Red Hat Research Quarterly

November 2021

Download PDF

Subscribe now

Machine learning has been driving research breakthroughs in many fields. Now there is an open source curriculum designed to help non-specialists build the skills they need to use it.

Machine learning is an increasingly important competency in a growing number of fields. Biochemists are using it to create models for protein engineering. Economists are using it to predict the price of cryptocurrencies. And linguists have applied it to the problem of fake news. Computer science is not traditional domain knowledge for these disciplines, but massive data processing is often a requirement for cutting-edge research in natural sciences, social sciences, and the humanities.

That is why we created the Applied Machine Learning course at Masaryk University, in Brno, Czech Republic: to help students outside the field of computer science learn more about machine learning without making them into computer scientists first.

Focusing on what students need to know

The field of machine learning is changing on a daily basis. Keeping up with trends is difficult, even for computer science professionals. Interested laypeople have two basic choices. They can join one of many massive online courses, but they will have support only from peers for guidance. They will likely also be learning in isolation, separate from their local community. For those who are still students, they can join one of the courses provided by their university’s computer science department. There is a catch, however. University courses are good for learning about theory and background. Modern technologies and tools, however, often develop too quickly to be added to syllabi while they are still new. In the context of machine learning, “modern” might be just a few months old.

We designed the Applied Machine Learning course to fill the gap between a theoretical and a practical approach. We wanted to show students that they can work with machine learning without the ability to rewrite the complex methods currently used by software professionals. For the majority of learners, understanding basic concepts and being able to use machine learning methods is enough for their needs.

Our target audience for the course is not students of computer science but future experts in different disciplines. To advance in their fields of study, it is important for these students to understand the capabilities of machine learning and be able to communicate with machine learning experts. Because machine learning is about correlation, not causation, domain knowledge helps us to distinguish between them correctly. In our first run, we were able to attract students from computational linguistics, computer science, chemistry, biology, and economics. In fact, the use cases mentioned above were taken directly from these students’ projects.

Advantages of an interdisciplinary classroom

Putting all of these students together created a special environment. Our online, synchronous sessions were interactive, in small groups that were randomly shuffled before each task. By working in frequently changing groups, students were forced to talk differently so students from other disciplinary backgrounds could understand them, whether they were talking about machine learning or their domain expertise.

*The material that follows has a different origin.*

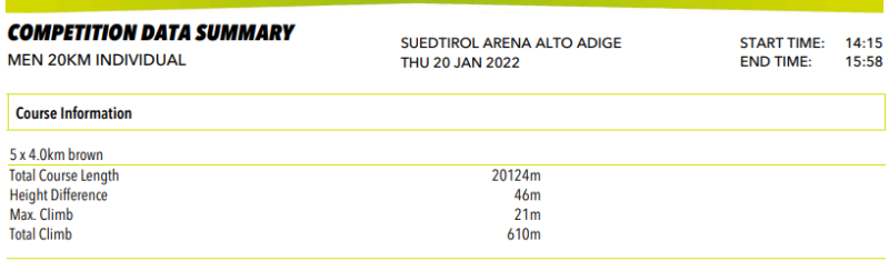 Also important for some calculations described further down in this article is that we have a total course length for the event, and this includes the skiing tracks as well as the range section: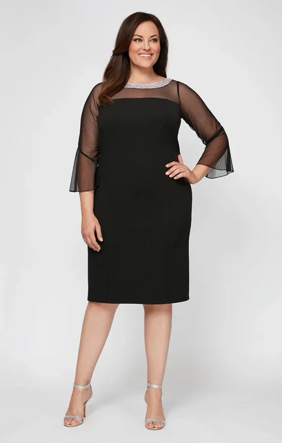 One dress that really stands out this season is the Olivia Illusion Neck Crepe Dress (in black), a short sheath crepe cocktail dress with beaded illusion neckline and bell sleeves; one of those pieces that instantly looks special without trying too hard.

For their projects, we put students in groups of three, and each group purposely contained students from at least two different disciplines. Because the students had different backgrounds and goals, they could bring different views to the problem they were solving.

We wanted to give students an opportunity to learn new things without getting into a routine of simply opening an editor and coding something, so we had students creating annotation guidelines, fixing bugs in existing source code, trying to create better rules for simple games, creating chatbots, or trying to figure out which parameters might influence whether a person will get a mortgage. The different types of tasks allowed students to play multiple roles, so they were not experts all the time. They needed to help each other in order to understand and complete the tasks.

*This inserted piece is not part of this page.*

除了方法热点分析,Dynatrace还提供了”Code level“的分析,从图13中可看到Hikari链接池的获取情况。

Slides from the applied machine learning course illustrate a process of working with data from chocolate bar ratings. — ^{Student task slides}

Practicing routine coding and gaining knowledge of the libraries (e.g., Scikit, PyTorch, Keras) are an important part of the course, but those skills do not have to be exercised in groups. Thanks to our partner, DataCamp, we were able to give students access to relevant routine exercises. These exercises allow students who don’t fully understand the science of how coding works to learn the craft of writing in a programming language. And students made good use of them—on average they have spent more than 40 hours on this platform.

This course environment, along with COVID constraints, led to an approach where the teacher was more curator than creator. We put together a set of videos for relevant topics from existing resources, including not only prestigious universities but also people from industry or even amateur science bloggers. Thanks to this approach, every week was presented by a different speaker, which helped us avoid the stereotypical instructor-centered—or “sage on the stage”—type of class.

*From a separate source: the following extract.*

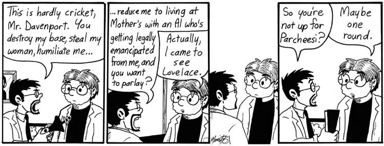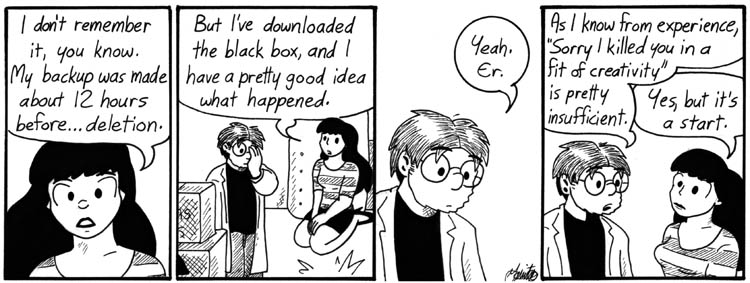 21. Hm. So, when Dave got killed, he had a spirit that went to Hell, so he remembers it all. Does/did Lovelace have a spirit too? And if so, is it recoverable? And, if it is recoverable, does this mean that in the Narbonic/Skin Horse universe, it would be possible to recover from computer crashes by holding a seance?

Opening the course to any university

Our pilot group had only fifteen students, but it is not efficient to create such complex scenarios for a small group if there will be major changes every year. That is one reason why we open sourced all our materials on GitHub, with links to videos, our group tasks, and a methodological explanation of why they were selected. And, of course, feedback from students should lead to improvements in future courses.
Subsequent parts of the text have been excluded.